Reconstructive surgery

Surgery and follow-up treatment needed to correct or improve a part of the body because of birth defects, accidents, injuries or medical conditions.


Rehabilitation services

Health care services that help a person keep, get back or improve skills and functioning for daily living that have been lost or impaired because a person was sick, hurt or disabled. These services may include physical and occupational therapy, speech-language pathology and psychiatric rehabilitation services in a variety of inpatient and/or outpatient settings.


Skilled nursing care

Services from licensed nurses in your own home or in a nursing home. Skilled care services are from technicians and therapists in your own home or in a nursing home.


Specialist

A physician specialist focuses on a specific area of medicine or a group of patients to diagnose, manage, prevent or treat certain types of symptoms and conditions. A non-physician specialist is a provider who has more training in a specific area of health care.


Specialty formulary

A list of approved specialty drugs used to treat complex or chronic conditions such as hepatitis or cancer.

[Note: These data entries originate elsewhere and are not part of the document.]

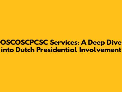 Hey guys! Let's dive into the fascinating world of OSCOSCPCSC services and their potential connection to the Presidents of the Netherlands. This topic, while seemingly niche, offers some seriously interesting angles to explore. We'll be looking at what OSCOSCPCSC actually does, how it might intersect with the Dutch political landscape, and the roles of the presidents. Get ready for a deep dive, because we're about to unpack some serious stuff.
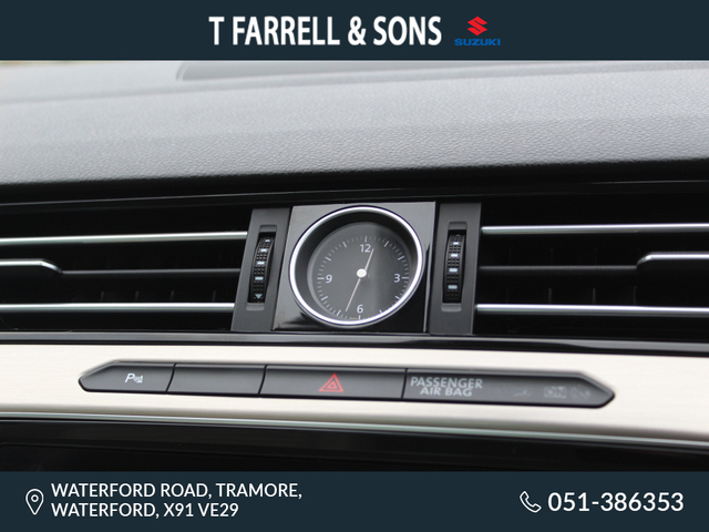 THIS CAR IS AT OUR TRAMORE SHOWROOM 051386353 Welcome to T.FARRELL & SONS-TRAMORE as part of a family business for over 30 years. We know the value of repeat business and looking after our customers which is why we are so selective in purchasing all of our pre-owned selection. Tramore Car Centre are specialists in all different makes and models of vehicles and have a fully Equipped Workshop in house so we can always cater for any problem and have become a one stop shop in the south east to solve any problem with dealer level and above. Everything is catered for here (including diagnostics), so why not buy from the experts. Open Monday to Friday 8.30am - 6pm Saturday 10am - 2pm For out of hours or Sunday appointments please contact Dean (051) 386353 visit www.tramoregarages.ie Central Locking, Electric Windows, Airbag, Fog Lamps, Privacy Glass, Centre Armrest, Multi-function steering wheel, Satellite Navigation, Traction Control, Metallic Paint, Parking Sensors, Bluetooth, EBD, Isofix, Active Safety Braking / City Brake / Collision Alert, Stop/Start Button, External Devices Connectivity, Cup holders, Remote boot/hatch/rear door release, Stability control
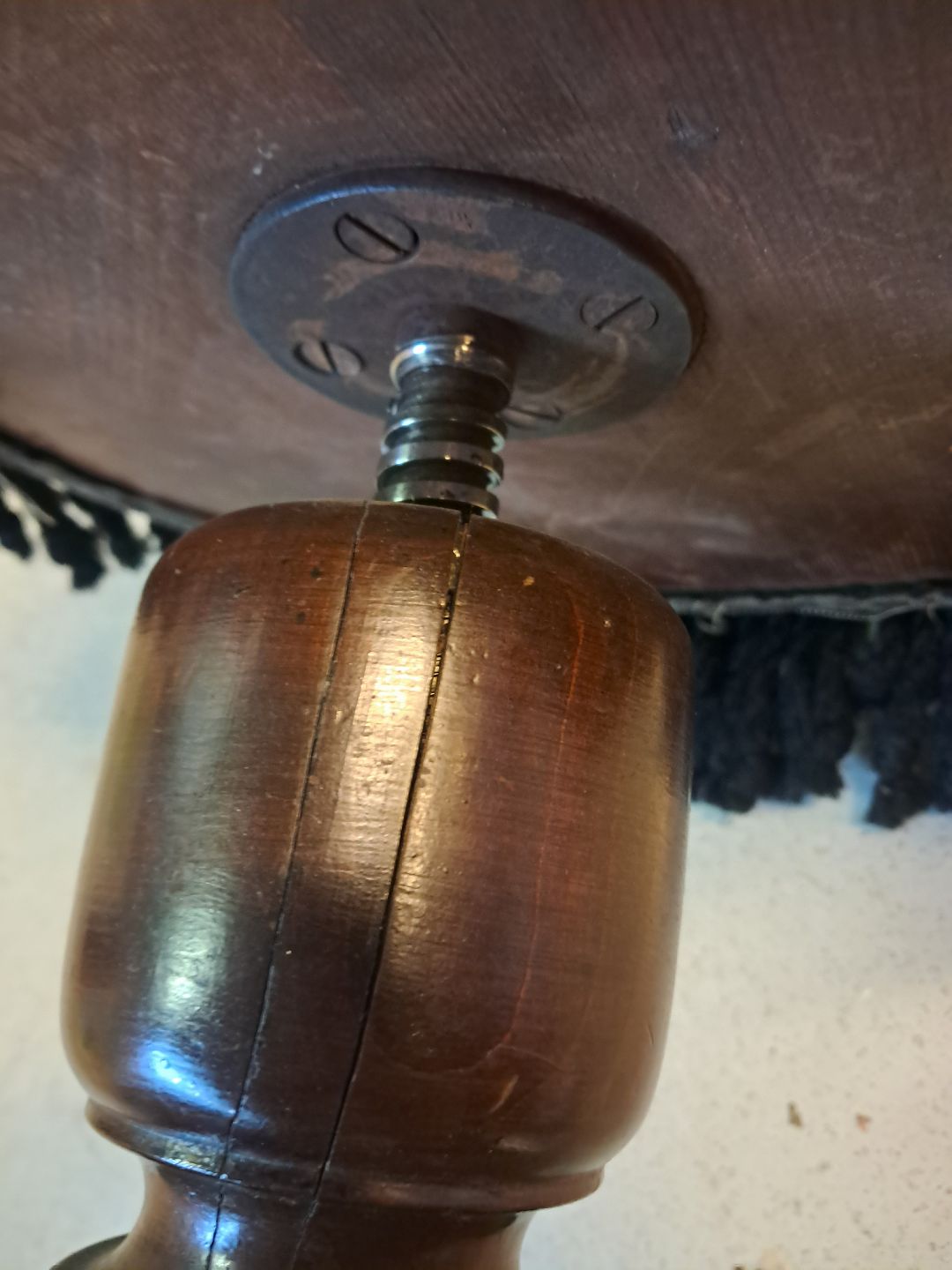 Skammekl i bøgetræ med drejefunktion, fra 1900erne.Den har brugsspor og en revne i træet. (se foto)
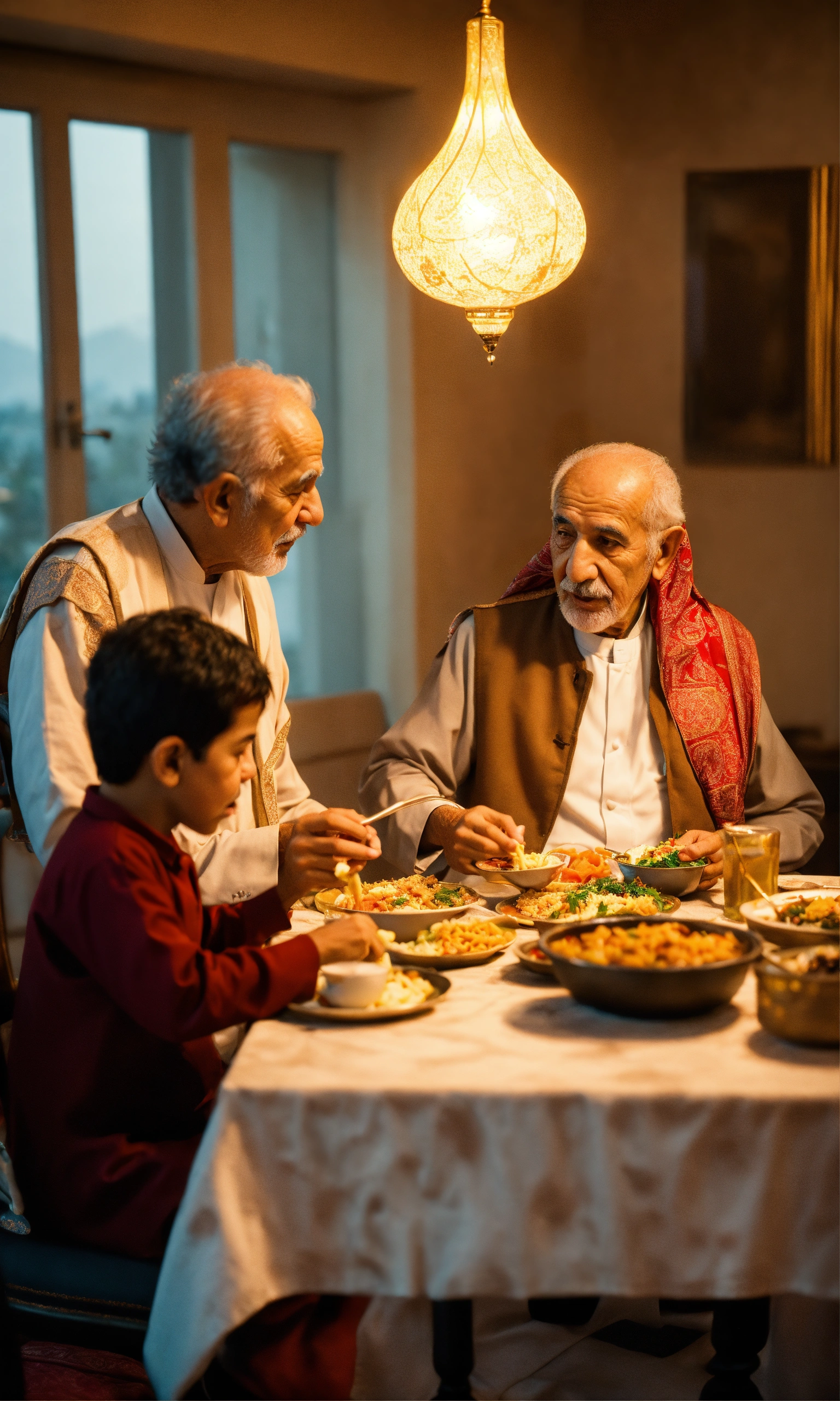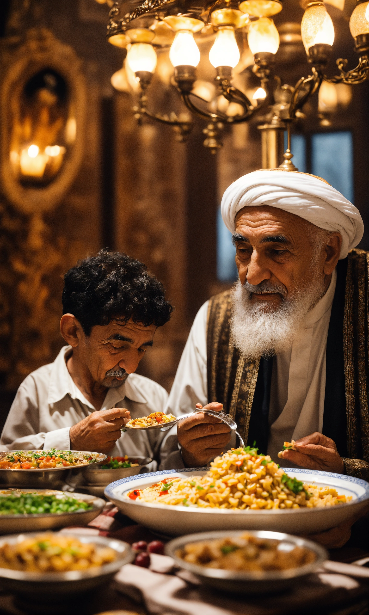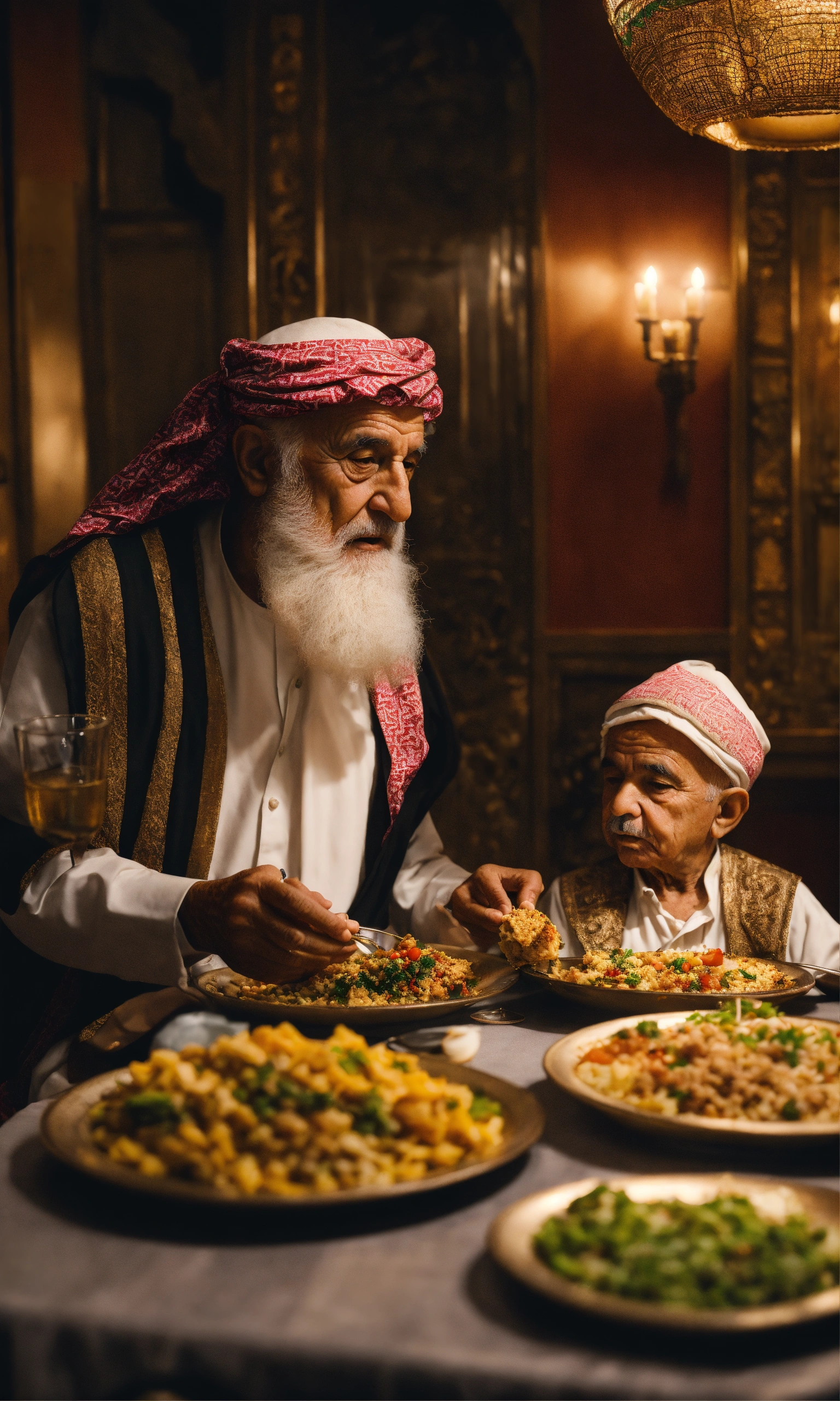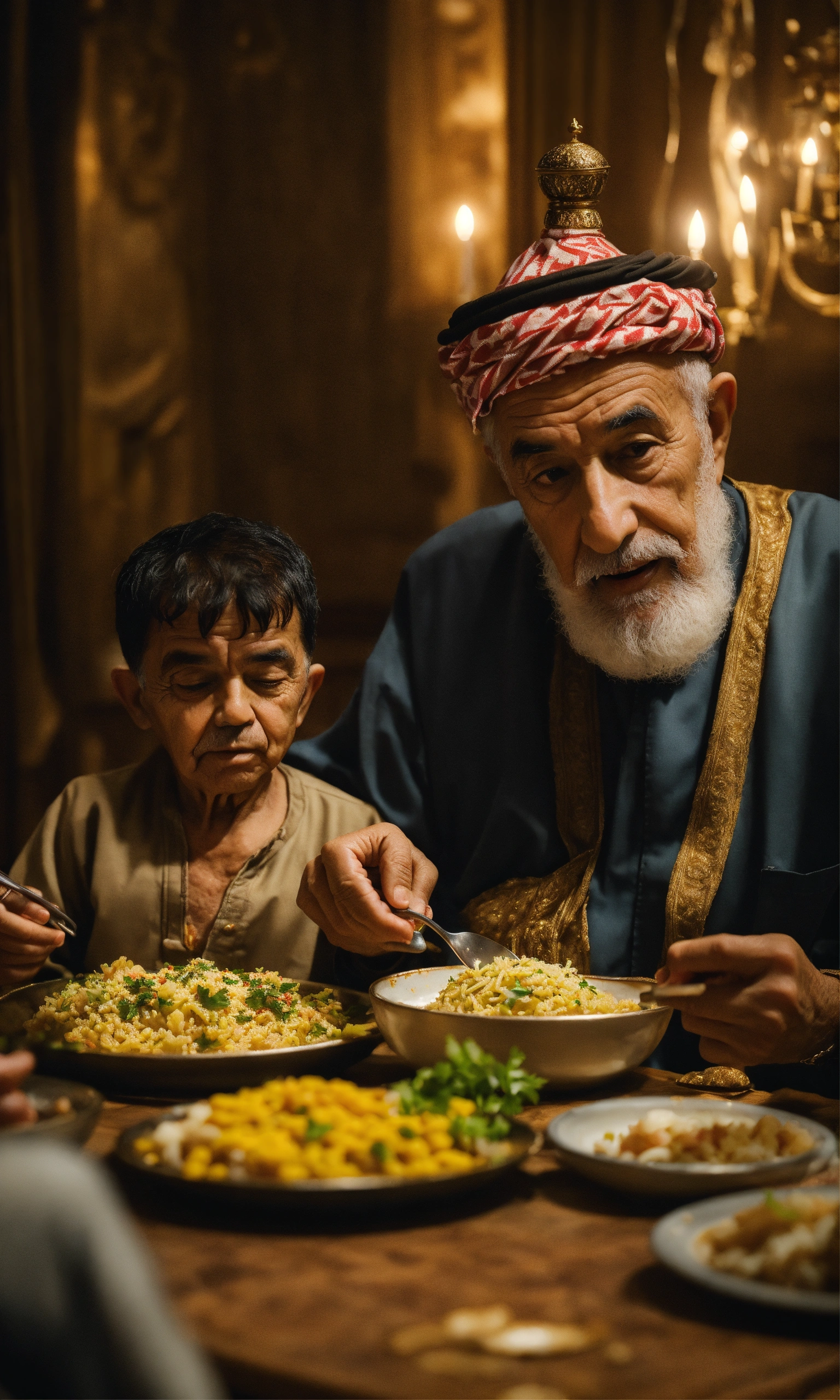 A wealthy middle eastern old man eating with his young son on a long table full of food, surreal photo, fujifilm xt3, indoor, good lighting, raw photo, 8k uhd, film grain, unreal engine 5, ray trace

UCR (Usual, customary and reasonable)

The amount paid for a medical service in a geographic area based on what providers in the area usually charge for the same or similar medical service. The UCR amount sometimes is used to determine the allowed amount. 


Urgent care

Care for an illness, injury or condition serious enough that a reasonable person would seek care right away, but not so severe as to require emergency room care.